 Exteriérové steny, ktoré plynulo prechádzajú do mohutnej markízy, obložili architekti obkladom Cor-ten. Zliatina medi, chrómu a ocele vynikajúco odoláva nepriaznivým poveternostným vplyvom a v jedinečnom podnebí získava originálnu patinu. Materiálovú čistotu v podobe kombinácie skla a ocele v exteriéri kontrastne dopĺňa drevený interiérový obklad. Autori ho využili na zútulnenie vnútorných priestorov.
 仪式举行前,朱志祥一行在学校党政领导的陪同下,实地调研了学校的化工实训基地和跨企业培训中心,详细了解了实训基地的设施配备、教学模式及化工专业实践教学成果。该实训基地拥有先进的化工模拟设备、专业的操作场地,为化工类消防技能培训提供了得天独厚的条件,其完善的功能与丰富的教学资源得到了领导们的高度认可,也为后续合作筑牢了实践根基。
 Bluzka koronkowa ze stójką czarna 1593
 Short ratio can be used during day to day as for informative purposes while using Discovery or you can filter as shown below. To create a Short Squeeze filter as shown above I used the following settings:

--

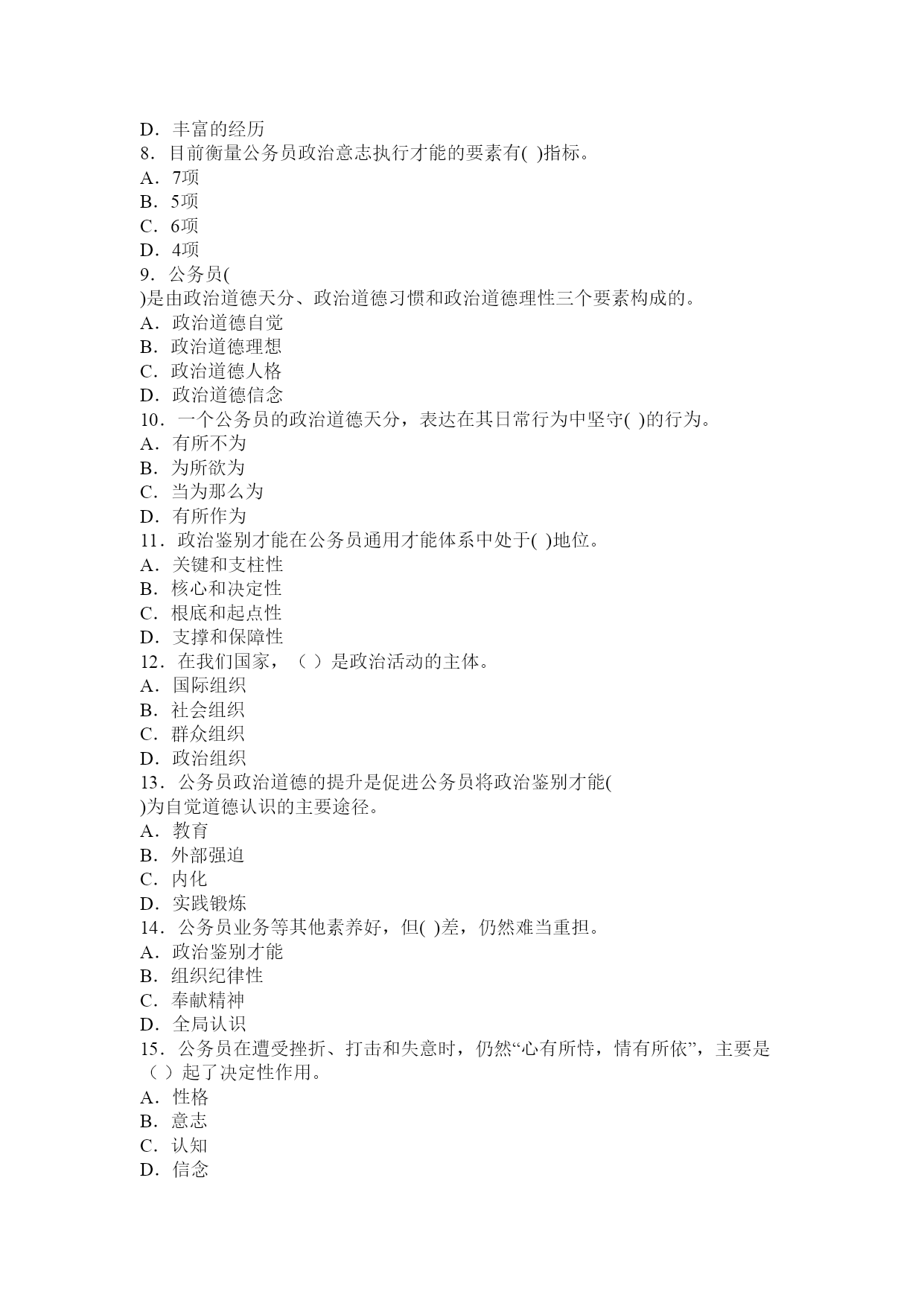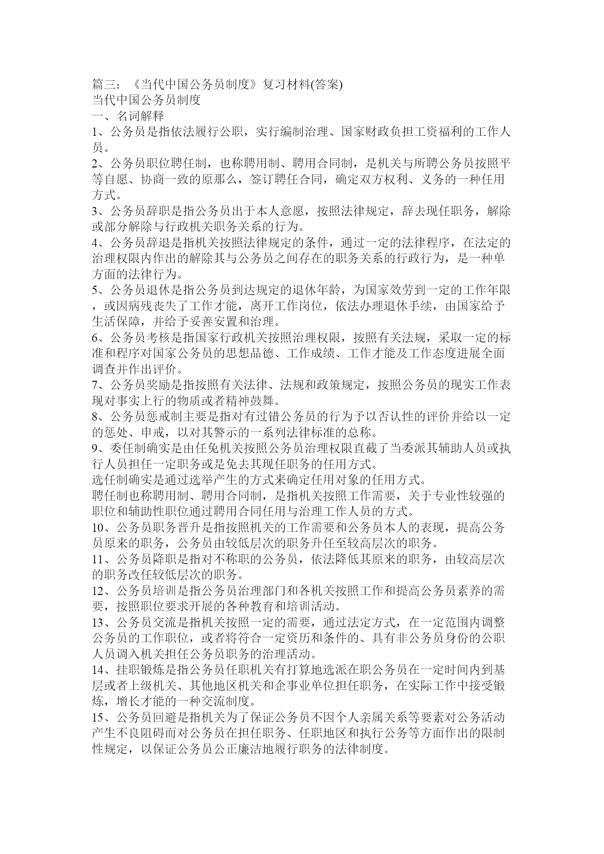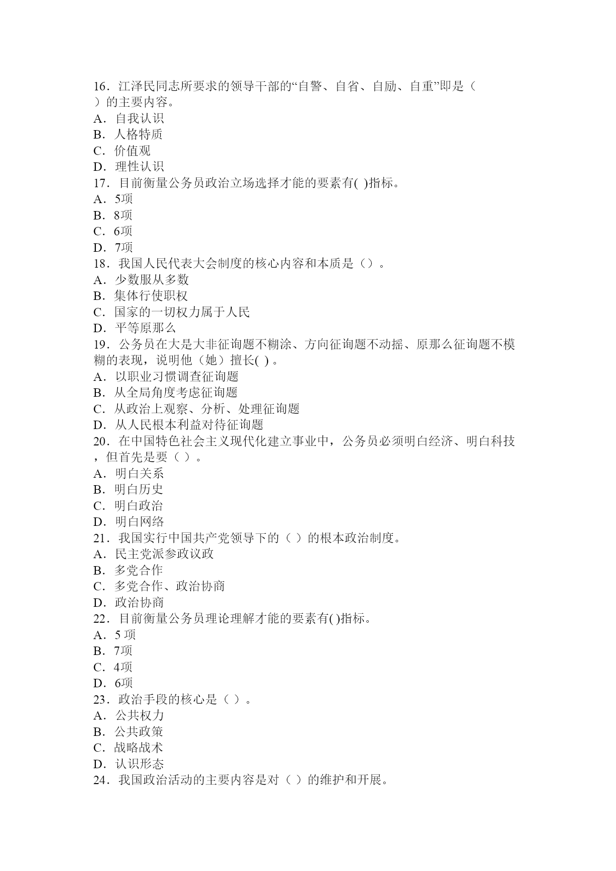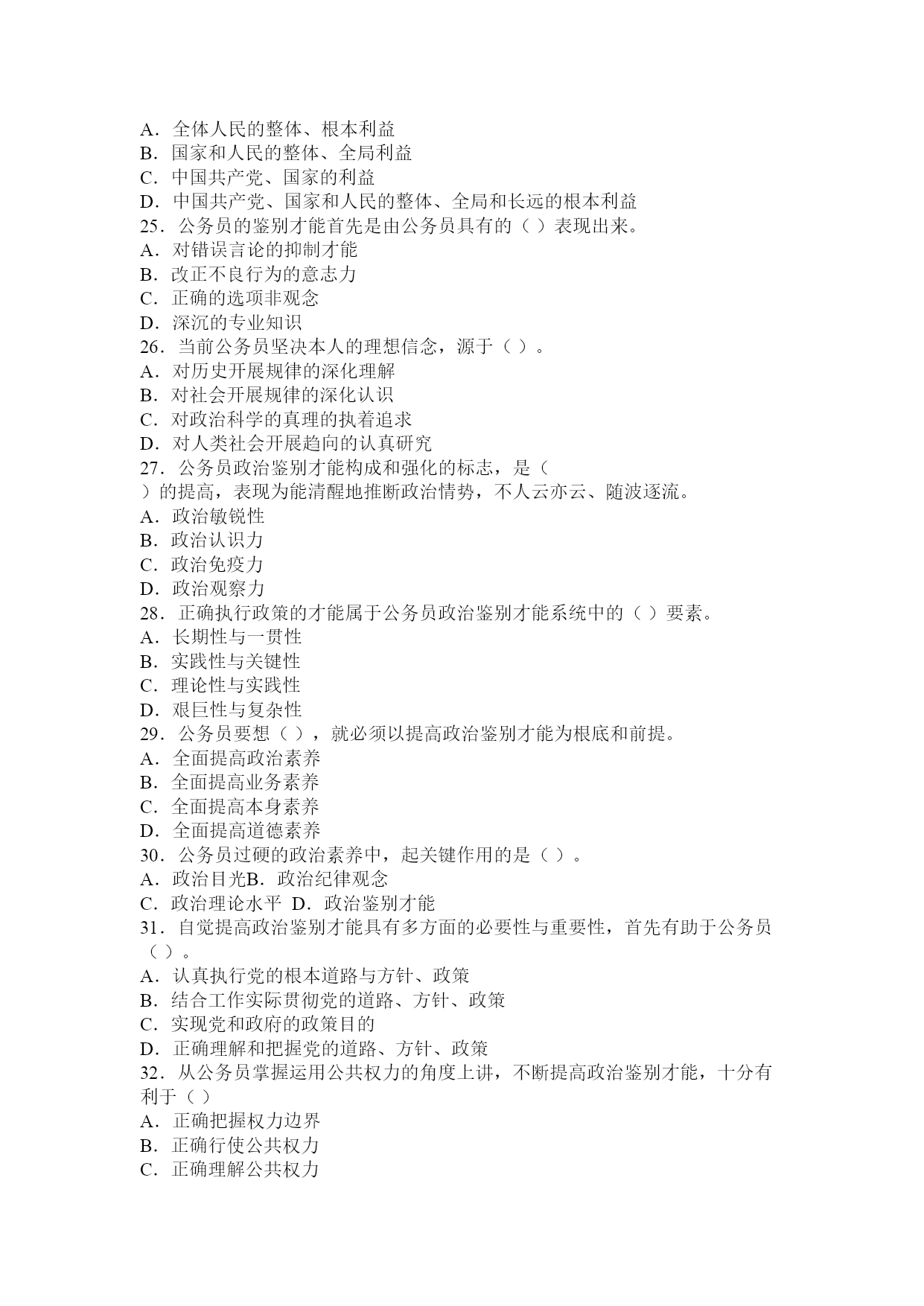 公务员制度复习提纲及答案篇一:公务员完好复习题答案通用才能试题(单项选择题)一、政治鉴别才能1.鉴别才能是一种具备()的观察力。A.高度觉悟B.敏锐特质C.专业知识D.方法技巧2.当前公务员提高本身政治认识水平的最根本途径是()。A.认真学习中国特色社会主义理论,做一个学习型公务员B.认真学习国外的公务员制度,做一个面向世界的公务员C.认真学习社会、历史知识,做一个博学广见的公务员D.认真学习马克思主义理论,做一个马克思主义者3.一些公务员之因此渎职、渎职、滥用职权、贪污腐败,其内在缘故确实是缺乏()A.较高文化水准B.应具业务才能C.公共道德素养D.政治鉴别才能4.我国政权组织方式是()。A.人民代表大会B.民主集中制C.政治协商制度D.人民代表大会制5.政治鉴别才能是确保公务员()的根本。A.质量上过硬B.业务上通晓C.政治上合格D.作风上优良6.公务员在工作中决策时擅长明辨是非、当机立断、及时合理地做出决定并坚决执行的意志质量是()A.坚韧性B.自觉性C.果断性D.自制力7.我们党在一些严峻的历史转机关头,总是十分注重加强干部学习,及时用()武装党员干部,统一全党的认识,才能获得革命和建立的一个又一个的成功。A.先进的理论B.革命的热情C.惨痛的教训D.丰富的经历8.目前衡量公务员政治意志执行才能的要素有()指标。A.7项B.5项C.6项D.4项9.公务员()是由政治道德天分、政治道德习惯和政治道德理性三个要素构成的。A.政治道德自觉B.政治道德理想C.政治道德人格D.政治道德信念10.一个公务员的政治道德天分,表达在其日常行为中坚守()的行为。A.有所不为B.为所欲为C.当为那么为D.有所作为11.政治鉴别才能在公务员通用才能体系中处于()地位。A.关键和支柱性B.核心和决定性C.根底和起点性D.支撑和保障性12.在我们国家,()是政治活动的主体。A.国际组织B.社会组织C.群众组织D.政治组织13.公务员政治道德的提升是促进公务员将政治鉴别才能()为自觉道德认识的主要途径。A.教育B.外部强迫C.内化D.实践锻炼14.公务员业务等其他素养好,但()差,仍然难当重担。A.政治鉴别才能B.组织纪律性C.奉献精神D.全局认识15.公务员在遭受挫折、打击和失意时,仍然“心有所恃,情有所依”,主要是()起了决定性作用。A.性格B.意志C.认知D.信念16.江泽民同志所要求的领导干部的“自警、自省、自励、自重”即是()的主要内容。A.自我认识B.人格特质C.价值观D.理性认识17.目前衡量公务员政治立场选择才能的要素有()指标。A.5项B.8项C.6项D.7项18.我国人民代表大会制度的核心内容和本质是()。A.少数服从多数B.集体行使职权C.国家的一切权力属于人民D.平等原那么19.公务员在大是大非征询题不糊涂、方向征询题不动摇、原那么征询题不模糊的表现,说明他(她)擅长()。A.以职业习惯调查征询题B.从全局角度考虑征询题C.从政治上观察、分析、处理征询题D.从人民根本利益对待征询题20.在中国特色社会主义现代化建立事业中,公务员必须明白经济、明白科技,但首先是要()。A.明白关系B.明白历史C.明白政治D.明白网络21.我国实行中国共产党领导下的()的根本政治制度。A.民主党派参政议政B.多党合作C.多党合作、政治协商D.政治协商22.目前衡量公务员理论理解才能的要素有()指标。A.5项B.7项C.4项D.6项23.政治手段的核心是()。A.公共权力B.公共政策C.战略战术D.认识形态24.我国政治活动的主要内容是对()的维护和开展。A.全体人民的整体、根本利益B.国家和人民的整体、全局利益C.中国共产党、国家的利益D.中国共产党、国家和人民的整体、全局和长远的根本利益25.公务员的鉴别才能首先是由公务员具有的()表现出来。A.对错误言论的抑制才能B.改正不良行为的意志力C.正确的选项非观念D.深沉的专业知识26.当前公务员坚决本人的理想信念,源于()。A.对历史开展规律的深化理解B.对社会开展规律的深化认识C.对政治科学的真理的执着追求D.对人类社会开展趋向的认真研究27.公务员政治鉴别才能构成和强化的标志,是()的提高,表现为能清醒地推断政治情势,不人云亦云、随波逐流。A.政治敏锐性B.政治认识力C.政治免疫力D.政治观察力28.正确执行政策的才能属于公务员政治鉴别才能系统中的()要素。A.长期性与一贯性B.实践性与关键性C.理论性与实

_Prompt_
Taking the entries above, write out exactly the lines starting with the line containing "Exteriérové steny, ktoré" and going on through the line containing "Short ratio can", both included, and nothing else.

_Problem solution_
 Exteriérové steny, ktoré plynulo prechádzajú do mohutnej markízy, obložili architekti obkladom Cor-ten. Zliatina medi, chrómu a ocele vynikajúco odoláva nepriaznivým poveternostným vplyvom a v jedinečnom podnebí získava originálnu patinu. Materiálovú čistotu v podobe kombinácie skla a ocele v exteriéri kontrastne dopĺňa drevený interiérový obklad. Autori ho využili na zútulnenie vnútorných priestorov.
 仪式举行前,朱志祥一行在学校党政领导的陪同下,实地调研了学校的化工实训基地和跨企业培训中心,详细了解了实训基地的设施配备、教学模式及化工专业实践教学成果。该实训基地拥有先进的化工模拟设备、专业的操作场地,为化工类消防技能培训提供了得天独厚的条件,其完善的功能与丰富的教学资源得到了领导们的高度认可,也为后续合作筑牢了实践根基。
 Bluzka koronkowa ze stójką czarna 1593
 Short ratio can be used during day to day as for informative purposes while using Discovery or you can filter as shown below. To create a Short Squeeze filter as shown above I used the following settings:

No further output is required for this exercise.